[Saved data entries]
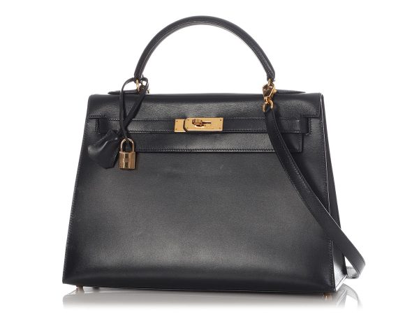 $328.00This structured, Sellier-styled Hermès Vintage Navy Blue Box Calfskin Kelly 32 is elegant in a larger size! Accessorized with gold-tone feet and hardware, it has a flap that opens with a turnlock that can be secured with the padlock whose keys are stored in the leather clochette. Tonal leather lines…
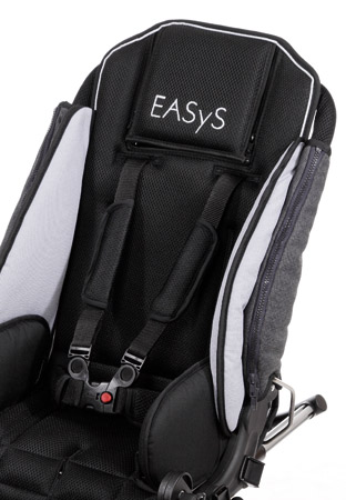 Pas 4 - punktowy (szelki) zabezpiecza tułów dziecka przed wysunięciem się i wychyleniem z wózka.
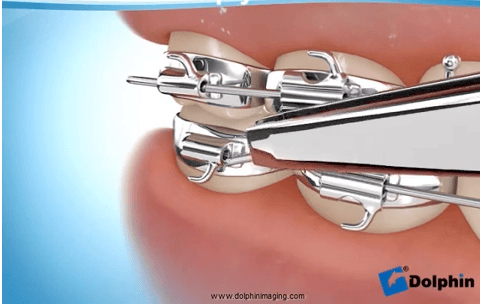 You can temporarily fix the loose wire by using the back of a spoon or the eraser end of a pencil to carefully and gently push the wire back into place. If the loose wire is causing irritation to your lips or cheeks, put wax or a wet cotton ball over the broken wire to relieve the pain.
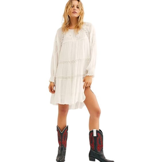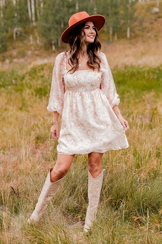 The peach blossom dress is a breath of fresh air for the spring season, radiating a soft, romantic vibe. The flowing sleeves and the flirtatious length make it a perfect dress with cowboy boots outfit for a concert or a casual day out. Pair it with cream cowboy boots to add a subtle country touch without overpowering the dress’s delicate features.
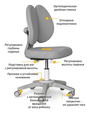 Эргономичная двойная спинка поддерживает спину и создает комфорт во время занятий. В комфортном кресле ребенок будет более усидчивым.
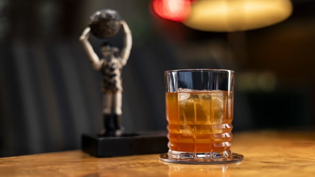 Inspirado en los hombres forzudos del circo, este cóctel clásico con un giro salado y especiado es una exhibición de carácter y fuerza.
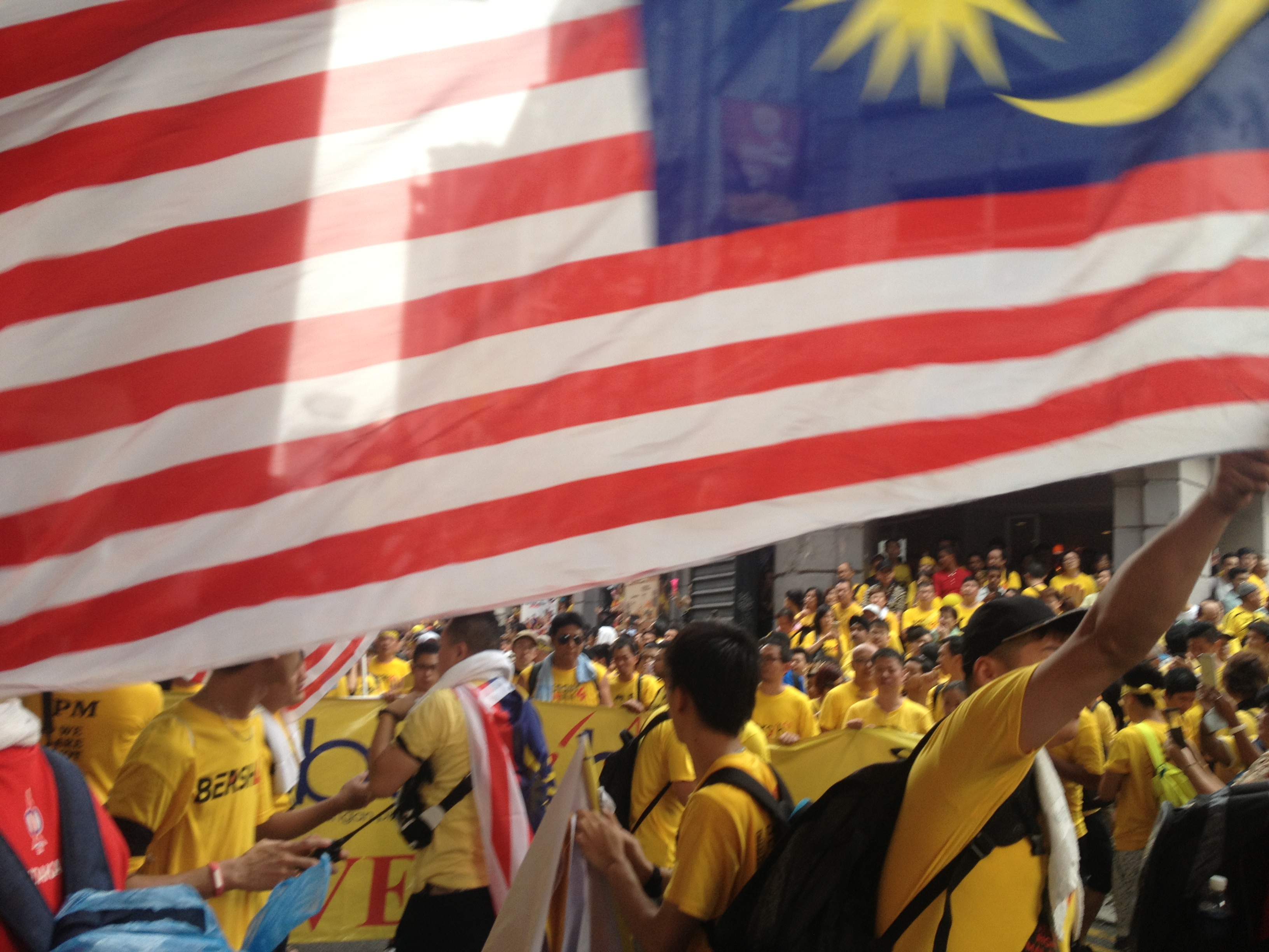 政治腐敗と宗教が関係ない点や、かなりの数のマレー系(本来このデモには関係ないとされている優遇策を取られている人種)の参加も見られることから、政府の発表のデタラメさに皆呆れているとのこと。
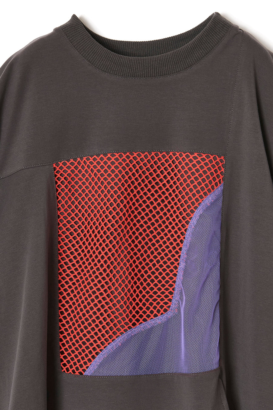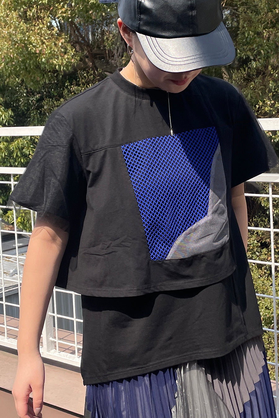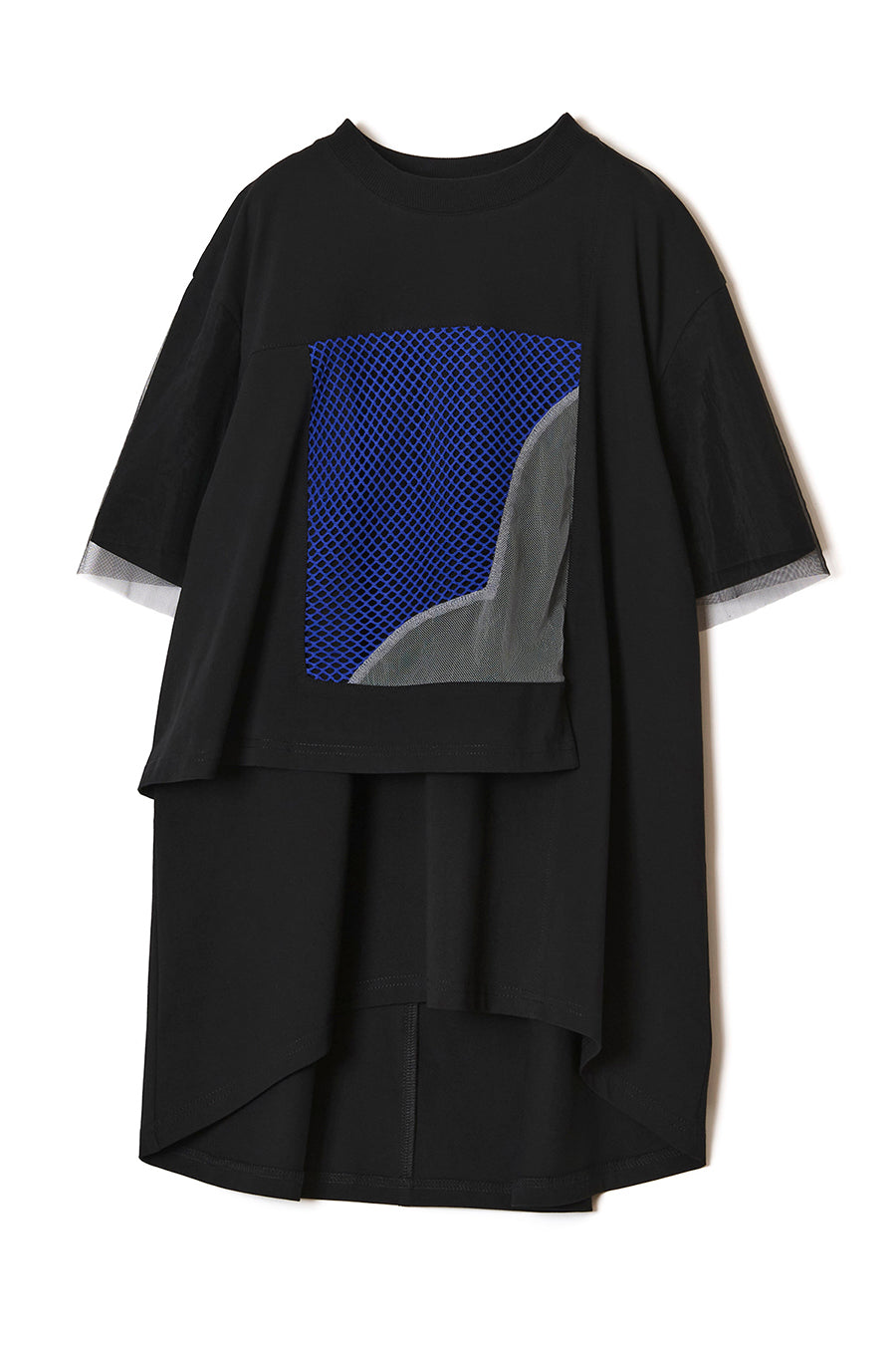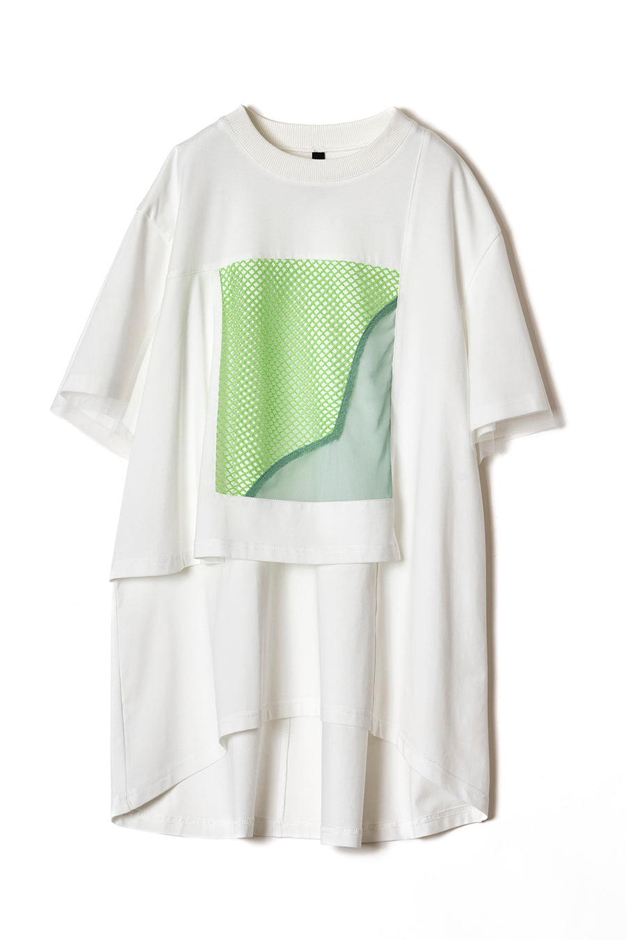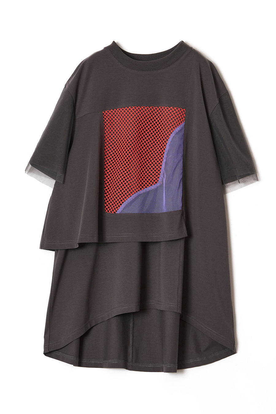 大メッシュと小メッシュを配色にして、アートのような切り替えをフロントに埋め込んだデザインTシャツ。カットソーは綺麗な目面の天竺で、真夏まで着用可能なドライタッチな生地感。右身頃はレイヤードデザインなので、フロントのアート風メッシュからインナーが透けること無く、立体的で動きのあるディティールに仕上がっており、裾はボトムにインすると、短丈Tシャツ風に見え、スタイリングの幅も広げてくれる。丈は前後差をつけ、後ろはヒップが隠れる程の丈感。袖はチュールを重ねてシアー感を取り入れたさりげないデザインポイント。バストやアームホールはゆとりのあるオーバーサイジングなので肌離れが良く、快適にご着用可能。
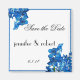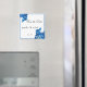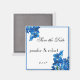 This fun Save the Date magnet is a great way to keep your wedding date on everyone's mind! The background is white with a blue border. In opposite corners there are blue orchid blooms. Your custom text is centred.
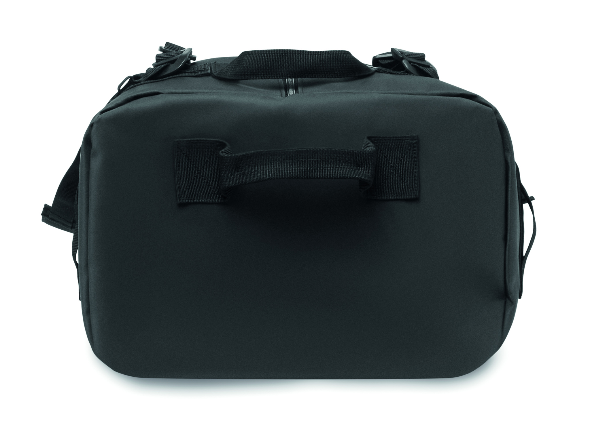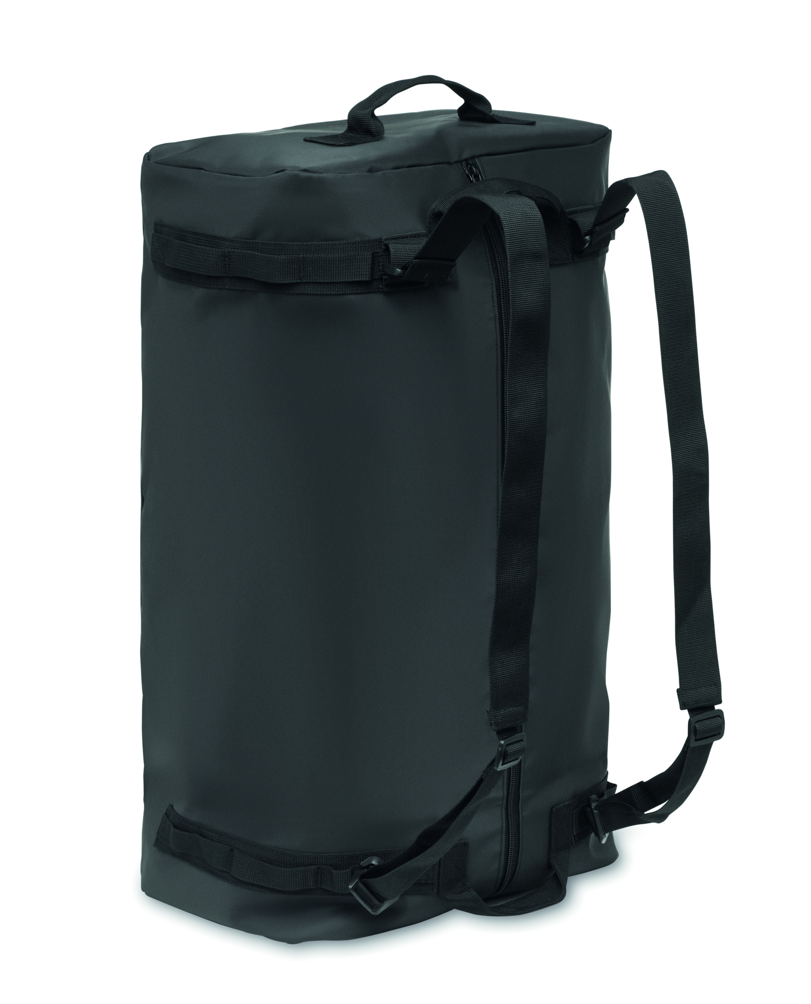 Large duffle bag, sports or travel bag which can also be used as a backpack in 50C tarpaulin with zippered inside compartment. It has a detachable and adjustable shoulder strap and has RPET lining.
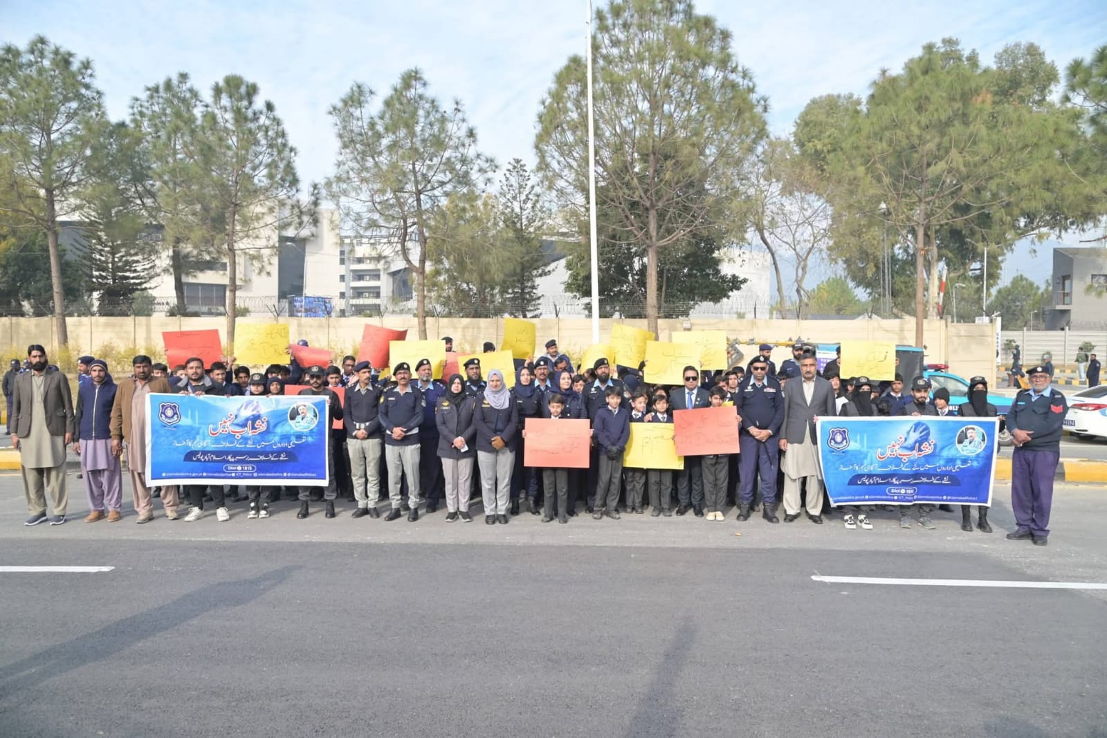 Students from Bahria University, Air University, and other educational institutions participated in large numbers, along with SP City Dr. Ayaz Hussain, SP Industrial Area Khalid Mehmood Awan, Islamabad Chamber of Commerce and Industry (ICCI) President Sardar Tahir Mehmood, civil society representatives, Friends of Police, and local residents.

● **Directions for this task**
Would you please restate the records word for word, excluding any images?

● **Exercise answer**
 $328.00This structured, Sellier-styled Hermès Vintage Navy Blue Box Calfskin Kelly 32 is elegant in a larger size! Accessorized with gold-tone feet and hardware, it has a flap that opens with a turnlock that can be secured with the padlock whose keys are stored in the leather clochette. Tonal leather lines…
 Pas 4 - punktowy (szelki) zabezpiecza tułów dziecka przed wysunięciem się i wychyleniem z wózka.
 You can temporarily fix the loose wire by using the back of a spoon or the eraser end of a pencil to carefully and gently push the wire back into place. If the loose wire is causing irritation to your lips or cheeks, put wax or a wet cotton ball over the broken wire to relieve the pain.
 The peach blossom dress is a breath of fresh air for the spring season, radiating a soft, romantic vibe. The flowing sleeves and the flirtatious length make it a perfect dress with cowboy boots outfit for a concert or a casual day out. Pair it with cream cowboy boots to add a subtle country touch without overpowering the dress’s delicate features.
 Эргономичная двойная спинка поддерживает спину и создает комфорт во время занятий. В комфортном кресле ребенок будет более усидчивым.
 Inspirado en los hombres forzudos del circo, este cóctel clásico con un giro salado y especiado es una exhibición de carácter y fuerza.
 政治腐敗と宗教が関係ない点や、かなりの数のマレー系(本来このデモには関係ないとされている優遇策を取られている人種)の参加も見られることから、政府の発表のデタラメさに皆呆れているとのこと。
 大メッシュと小メッシュを配色にして、アートのような切り替えをフロントに埋め込んだデザインTシャツ。カットソーは綺麗な目面の天竺で、真夏まで着用可能なドライタッチな生地感。右身頃はレイヤードデザインなので、フロントのアート風メッシュからインナーが透けること無く、立体的で動きのあるディティールに仕上がっており、裾はボトムにインすると、短丈Tシャツ風に見え、スタイリングの幅も広げてくれる。丈は前後差をつけ、後ろはヒップが隠れる程の丈感。袖はチュールを重ねてシアー感を取り入れたさりげないデザインポイント。バストやアームホールはゆとりのあるオーバーサイジングなので肌離れが良く、快適にご着用可能。
 This fun Save the Date magnet is a great way to keep your wedding date on everyone's mind! The background is white with a blue border. In opposite corners there are blue orchid blooms. Your custom text is centred.
 Large duffle bag, sports or travel bag which can also be used as a backpack in 50C tarpaulin with zippered inside compartment. It has a detachable and adjustable shoulder strap and has RPET lining.
 Students from Bahria University, Air University, and other educational institutions participated in large numbers, along with SP City Dr. Ayaz Hussain, SP Industrial Area Khalid Mehmood Awan, Islamabad Chamber of Commerce and Industry (ICCI) President Sardar Tahir Mehmood, civil society representatives, Friends of Police, and local residents.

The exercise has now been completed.